Decía Sir Francis Bacon –el filósofo inglés del Siglo XVI, no el pintor irlandés que se especializó en retratar la oscuridad del alma humana, con el que Sir Francis comparte el apellido- que la duda es la escuela de la verdad y que si uno comienza con certezas terminará con dudas, pero si empieza con dudas, llegará a terminar con certezas. Consejos aplicables a todos los ángulos de la existencia pero que se agudizan en aquellos en donde la delgada línea que separa el acierto del error puede desembocar en quebranto o ruina económica.

Y es que en el ámbito de las inversiones, la duda es la reina del mercado y las certezas no son más que dudas iniciales que verificaron una apuesta primera pero sin patente futura de fiabilidad. No obstante, algunas certezas por mor de ser verificadas por el tiempo y la experiencia contienen un marchamo de certidumbre que conviene explorar.

Una muy evidente es la del plazo en las inversiones.
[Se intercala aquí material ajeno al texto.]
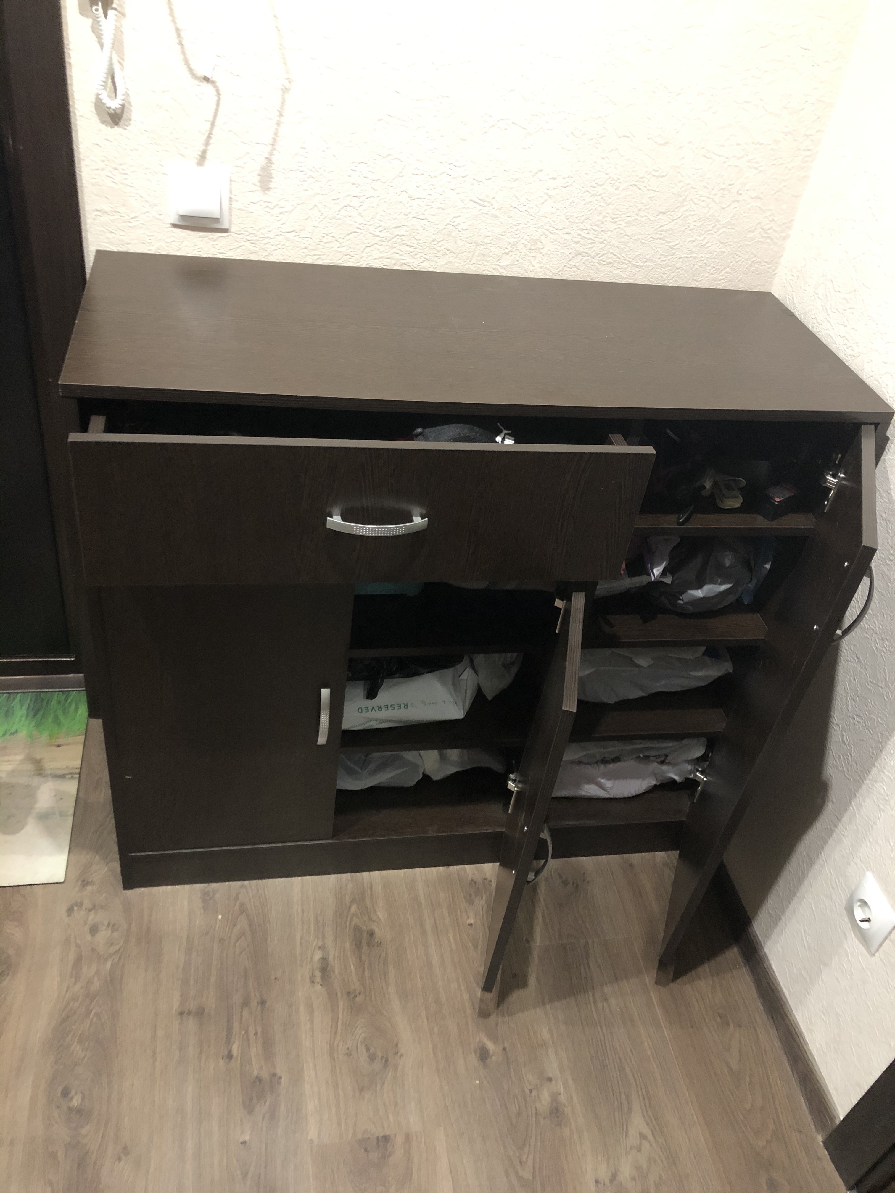 Отличный вариант за такие деньги! Сравнивала стойки и цены в разных магазинах и даже на авито. Но эта стойка бюджетная, не плохого качества, с тремя выдвижными ящика. Да ещё и с секцией, которая закрывается дверцей. Плюс угловая!

Desde que existen registros de series históricas de precios recogiendo el comportamiento anual de los mercados de valores, es decir, desde hace 200 años (la bolsa de Nueva York se constituyó en 1817), esa historia registrada de la inversión nos revela que si un ahorrador tiene un plazo disponible largo o medianamente largo (al menos 15 años) puede esperar una rentabilidad anualizada de entre el 7% a un 9% en renta variable global, y de entre un 3% a un 4% en renta fija de calidad (pública o privada).
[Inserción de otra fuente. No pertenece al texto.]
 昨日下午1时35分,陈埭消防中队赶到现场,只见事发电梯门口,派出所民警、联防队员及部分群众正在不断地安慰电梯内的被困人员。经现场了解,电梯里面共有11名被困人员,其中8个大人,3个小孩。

En el caso de los activos de renta fija se sacrifica rentabilidad esperada a cambio de menor variabilidad de las rentabilidades en el tiempo. Por otra parte, los bonos de calidad suelen subir de valor en periodos de crisis, durante las correcciones bursátiles, por lo que una cartera equilibrada clásica que combine acciones y bonos disfrutará de una mayor estabilidad en las rentabilidades, en un entono del 5% al 6% anualizado en ese largo plazo.

Estos números no solo tienen su correspondiente respaldo histórico, también tienen lógica, pues están basados en los tipos de interés y las tasas de crecimiento del PIB e inflación de largo plazo, que a su vez están vinculados a la rentabilidad de los cupones y los dividendos que pagan los Estados y las empresas.

Si un inversor tiene un plazo disponible largo puede esperar una rentabilidad anualizada en bolsa de hasta el 9%

En el caso de la renta variable y gracias a la actividad empresarial y el crecimiento económico derivado, además, existe una participación en el crecimiento de los beneficios (y dividendos) de las empresas que se refleja en la normal prima de rentabilidad que en el largo plazo ofrece la renta variable para quien tenga el plazo y esté dispuesto a aguantar la inevitable volatilidad.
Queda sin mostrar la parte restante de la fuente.